Looks great. I think that tests can be made much clearer, so you may want to post an updated patch for another quick review round despite already having an r+.

Please add a test verifying that scripts don't run in HTML documents loaded with XHR. We have one for XHTML, and we should have one for HTML.

Please also add a test checking for strict/quirks modes - it's not immediately obvious whether setContent gets it right.

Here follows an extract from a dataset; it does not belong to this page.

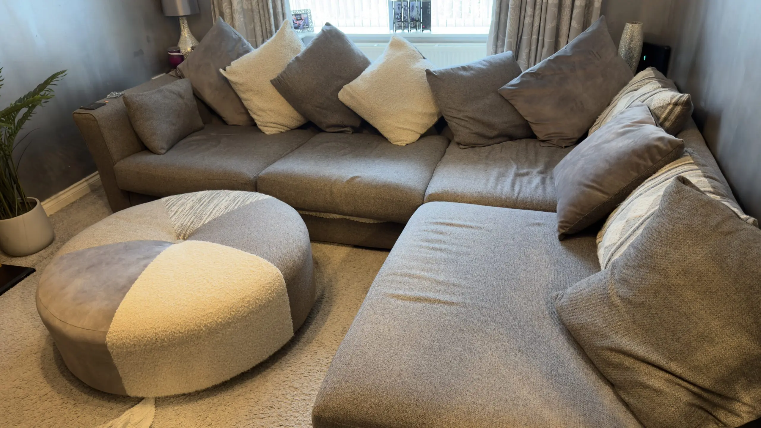 Grey corner sofa. 3 years old in excellent condition with no tears or marks. Chaise section is 230cm long. Footstool included. Available immediately.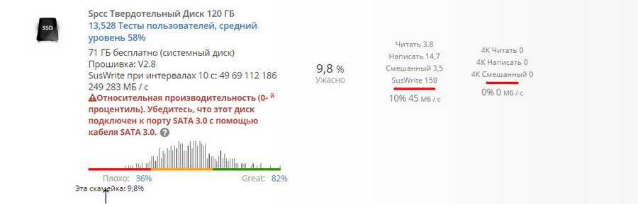 А вот это уже, судя по результатам тестов чтения и записи данных, проведённых при тестировании компьютера, является сбоем со стороны софта UserBenchmark. Программа просто по какой-то причине не смогла провести нужные тесты и влепила диску критически низкую оценку

> Source/WebCore/ChangeLog:8
> +        Latest XHR spec from the W3C:
> +        http://dvcs.w3.org/hg/xhr/raw-file/tip/Overview.html#the-responsexml-attribute
> +        http://dvcs.w3.org/hg/xhr/raw-file/tip/Overview.html#document-response-entity-body

Please mention what changed. A link to the spec provides extremely little information, especially since editor's draft text will change in the future.

Added support for HTML is something that should be in bug title, in fact. This is the big change.

> Source/WebCore/xml/XMLHttpRequest.cpp:227
> +        bool isHTML = responseMIMEType() == "text/html";

This appears to match existing code for XML types, but I don't see where the code that changes MIME type to lower case is. MIME types are not case sensitive.

Would you be willing to investigate this (not in this bug)?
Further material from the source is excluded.